— Как куда? Ну, ты даёшь, Аринка. Все забыла. Так к Митьке же! Двадцать пятое! Мы с тобой прямо утречком вылетаем, я уж дела разгрёб.
Оказывается, очень даже Марина была живая. Потому что сушёные оболочки, наверное, все-таки не могут испытывать такой внезапный, всеобъемлющий страх.

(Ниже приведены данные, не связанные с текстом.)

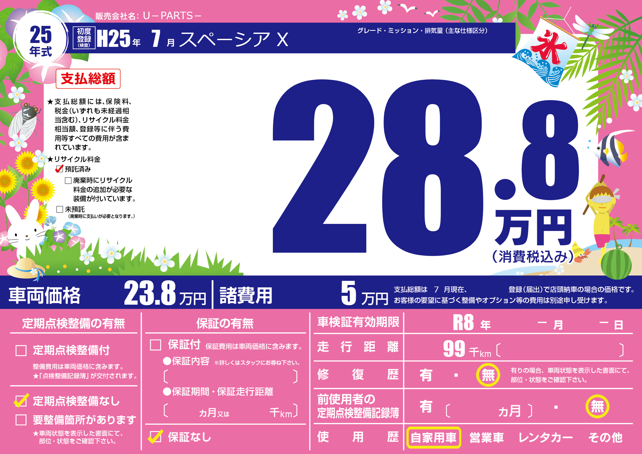 | 走行キロ | 9.9万km | 初年度登録 | H25年7月 |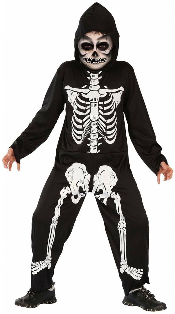 Gruselig cool! Dieses Skelett-Kostüm für Kinder leuchtet im Dunkeln - der absolute Hit für Halloween! Komplett-Set mit Kapuze, Overall und Handschuhen, alles mit Knochen-Muster. Aus weichem, dehnbarem Polyester, der atmungsaktiv ist und schnell trocknet. Einfach an- und ausziehen dank Klettverschluss auf dem Rücken. Vor dem Tragen mit starkem Licht 'aufladen' - dann leuchtet es umso besser. Für Jungen und Mädchen von 3-13 Jahren geeignet - bitte Größe vorher checken. Perfekt für 'Süßes oder Saures', Halloween-Partys oder wenn dein Kind einfach mal ein gruseliges Abenteuer erleben will. Damit wird dein Kind zum Star jeder Halloween-Party!

Все оставшееся до двадцать четвёртого числа время я жила в каком-то странном тумане. Как автомат, ходила в школу, вела какие-то уроки, покупала в магазинах какую-то еду, перекладывала дома с места на место какие-то вещи. Постоянно прорывалась мысль — все это теперь навсегда, это теперь моя жизнь, мне отсюда не выбраться. Пути спасения — позвонить, например, Вальке на работу и во всем признаться, поговорить ещё раз с Мариной — отбрасывались мной как безнадёжные. В общем, примерно так оно и было — с Мариной все ясно, там любовь, куда мне, а с Валькой меня даже и не соединили бы, и он совершенно точно не стал бы разговаривать, мало ли на свете сумасшедших. А и поговорил бы — не поверил. И свидетель — моя мать — не поможет. Я и сама, оглядываясь назад, с трудом верила, что все это действительно случилось, и, главное, созданное в основном моими руками. Оставалась только надежда на какое-нибудь чудо. Новогоднее такое, рождественское чудо, как пишут в красивых журналах. Вот и проверим. Но, как правило, чудеса вне глянцевой обложки не живут. Не выживают.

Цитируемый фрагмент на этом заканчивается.